## Your instructions
Print word for word whatever lies between the first line of the material and the line holding "Mangsa dilaporkan terjatuh", both included, and omit all pictures.
━━━━━ Input for this task ━━━━━
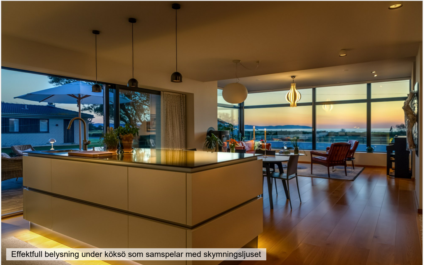
Effektfull belysning under köksö som samsplar med skymningsljuset
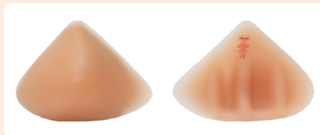
Active Asymmetric 1084 Asimetrinis krūties protezas (kairei arba dešinei pusei)
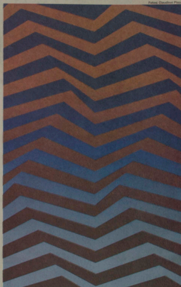
Dois entre as cerca de 90 obras de Sacilotto que serão expostas na Sabina Escola Parque do Conhecimento, em Santo André: efeitos cinéticos, rigor e um notável equilíbrio entre forma e cor
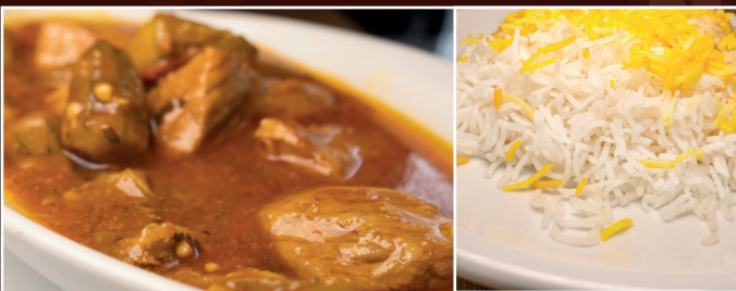
38. Bamyeh 15,90 € geschnitztes Kalbfleisch mit Okraschoten in Tomatensoße, dazu Reis und Kräuterbeilage
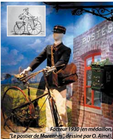
Facteur 1930 (en médaillon, "Le postier de Marennes", dessiné par O. Aimé).
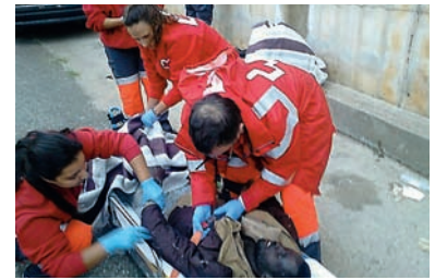
■ Persona inmigrante atendida por el ERIE de Cruz Roja Ceuta.
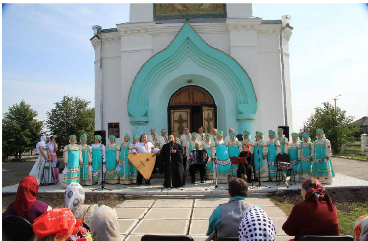
Народный хор с. Красного.
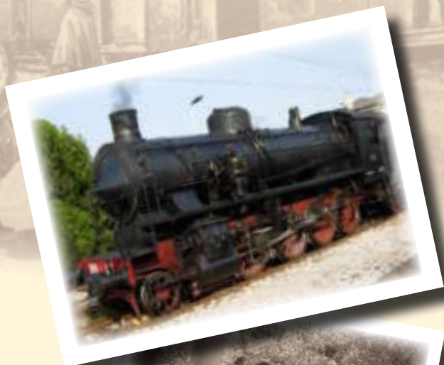
AUTENTICA LOCOMOTIVA A VAPORE

In Treno a Vapore e Bicieletta Pasquetta tra Padova e Treviso
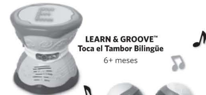
LEARN & GROOVE™ Toca el Tambor Bilingüe 6+ meses

Los premiados productos Learn & Groove de LeapFrog le brindarán al niño un excelente punto de partida para su desarrollo temprano.
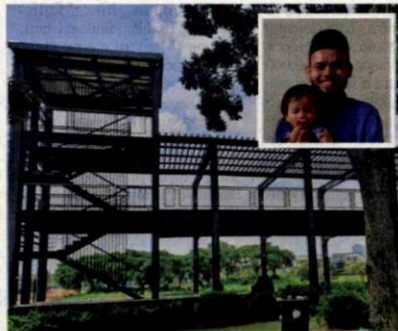
Mangsa dilaporkan terjatuh dari aras dua bangunan tinjau di Taman Rekreasi Wetland Setia Alam. Gambar kecil: Mangsa bersama bapa saudaranya.

untuk elak second brain injury . (Masa jatuh semalam first brain injury . Second brain injury adalah apa-apa injury selepas jatuh yang disebabkan oleh faktor lain.
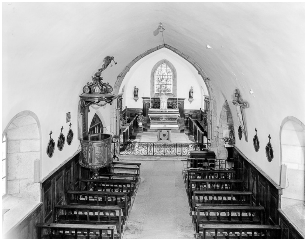
Intérieur : nef et choeur vus depuis la tribune. 39, Revigny
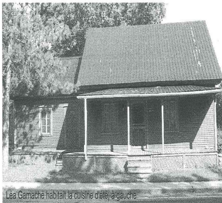
Léa Gamache habitait la cuisine d'été, à gauche

Maison où habite maintenant Réjean Dubé, Sylvie Moreau et leurs trois fistons.
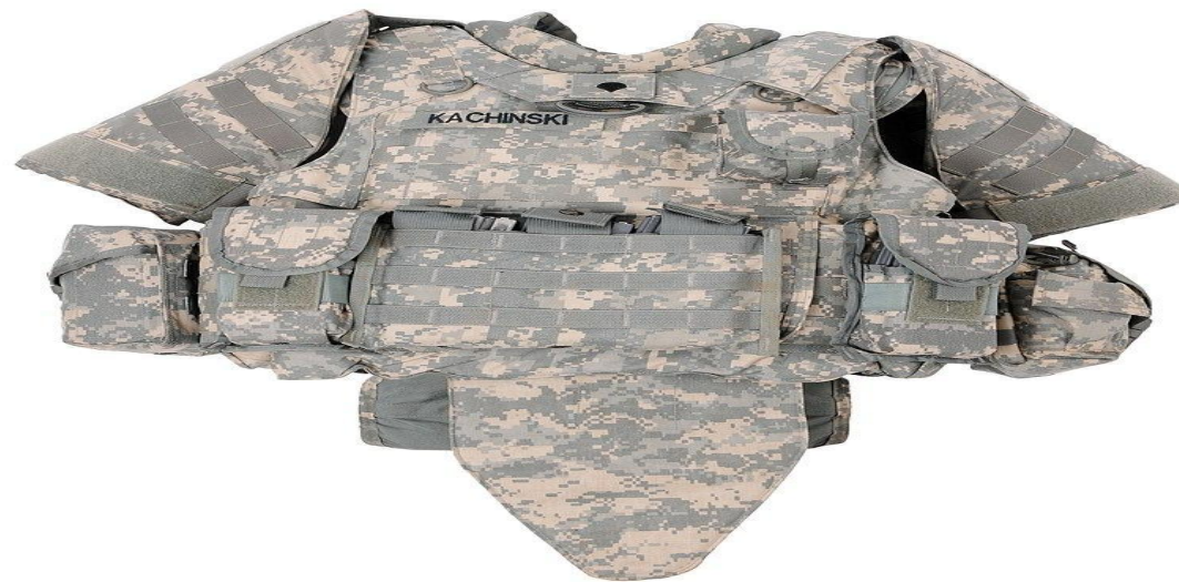
Бронезилет IOTV GEN II

Бронезилет — элемент индивидуальной защиты человека, обеспечивающий защиту верхней части туловища (торса) человека от воздействия огнестрельного оружия.
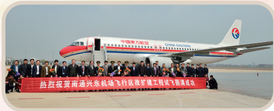
2012年，飞行区改扩建工程试飞成功，全面进入3400米跑道新时代。

征程万里风正劲，重任千钧再出发。南通机场将以习近平新时代中国特色社会主义思想为引领，认真学习贯彻落实党的二十大精神，朝着现机场高质量发展，新机场高起点建设的“两高”发展目标，从“上海国际航空枢纽辅助机场”向着“上海国际航空枢纽重要组成部分”昂首迈进，奋力走好新时代的“赶考之路”。 ·徐菲·
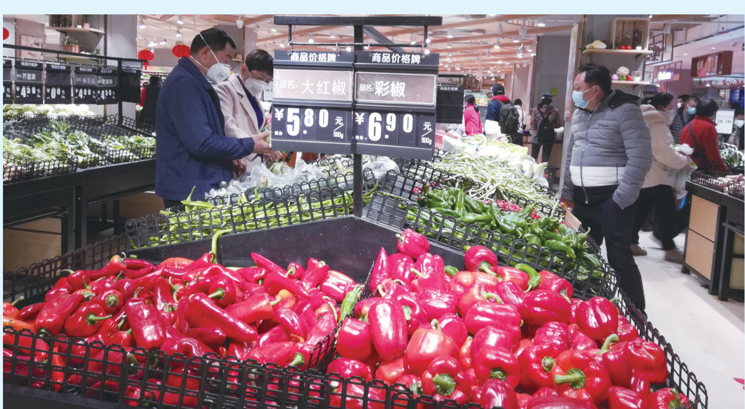
2月2日,市民在大理市大興量贩超市选购新鲜蔬菜。近期,全州各级农业农村部门联合市场监管、商务等相关部门,全力以赴抓好疫情防控期间鲜活农产品稳产保供工作,以满足群众生活所需。
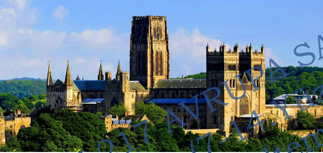
Durham Katedrali, Batı cephe, İngiltere, 1093-1133 (28)

Kaynak: https://www.durhamcathedral.co.uk/
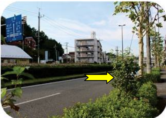
鎌倉街道沿い街路樹「サンシュユ」の若木
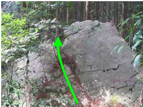
尾根筋に横たわる大岩を乗越す。
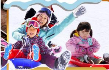
กิจกรรมภาคเลื่อนหิมะ
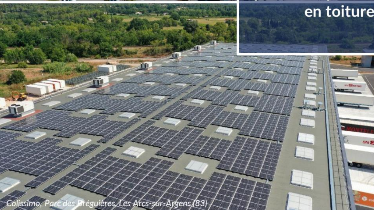
Colissimo, Parc des Bréguières, Les Arcs-sur-Argens (83)
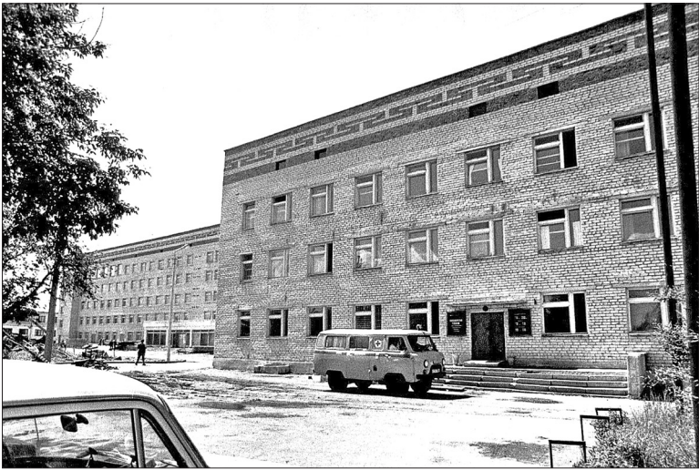
📷 Поликлиника, построенная в 1985 году на улице Хахина, – одно из первых зданий комплекса областной больницы № 12.

электросети энергетического управления «Тюменьэнерго» (ныне филиал «Россети Тюмень») – Южное территориальное производственное отделение). В 1984 году на улице Свободы перезахоронили разведчиков 253-го стрелкового полка «Красные орлы», погибших в
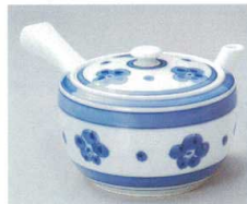
34811-607 ゴス巻梅Mジャンボ急須 2,850円 (500cc) (有田焼)
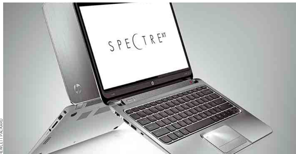
Le Spectre XT de HP, un ultrabook de 13" et 14,5 mm d'épaisseur.

Prix des joujoux : de 599 € pour l'Inspiron 14Z que Dell sortira en juillet à 1 400 € environ pour
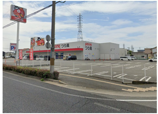
釣り具のポイント (姫路網干店) 駐車場
━━━━━
## Result of this task
Effektfull belysning under köksö som samsplar med skymningsljuset
Active Asymmetric 1084 Asimetrinis krūties protezas (kairei arba dešinei pusei)
Dois entre as cerca de 90 obras de Sacilotto que serão expostas na Sabina Escola Parque do Conhecimento, em Santo André: efeitos cinéticos, rigor e um notável equilíbrio entre forma e cor
38. Bamyeh 15,90 € geschnitztes Kalbfleisch mit Okraschoten in Tomatensoße, dazu Reis und Kräuterbeilage
Facteur 1930 (en médaillon, "Le postier de Marennes", dessiné par O. Aimé).
■ Persona inmigrante atendida por el ERIE de Cruz Roja Ceuta.
Народный хор с. Красного.
AUTENTICA LOCOMOTIVA A VAPORE

In Treno a Vapore e Bicieletta Pasquetta tra Padova e Treviso
LEARN & GROOVE™ Toca el Tambor Bilingüe 6+ meses

Los premiados productos Learn & Groove de LeapFrog le brindarán al niño un excelente punto de partida para su desarrollo temprano.
Mangsa dilaporkan terjatuh dari aras dua bangunan tinjau di Taman Rekreasi Wetland Setia Alam. Gambar kecil: Mangsa bersama bapa saudaranya.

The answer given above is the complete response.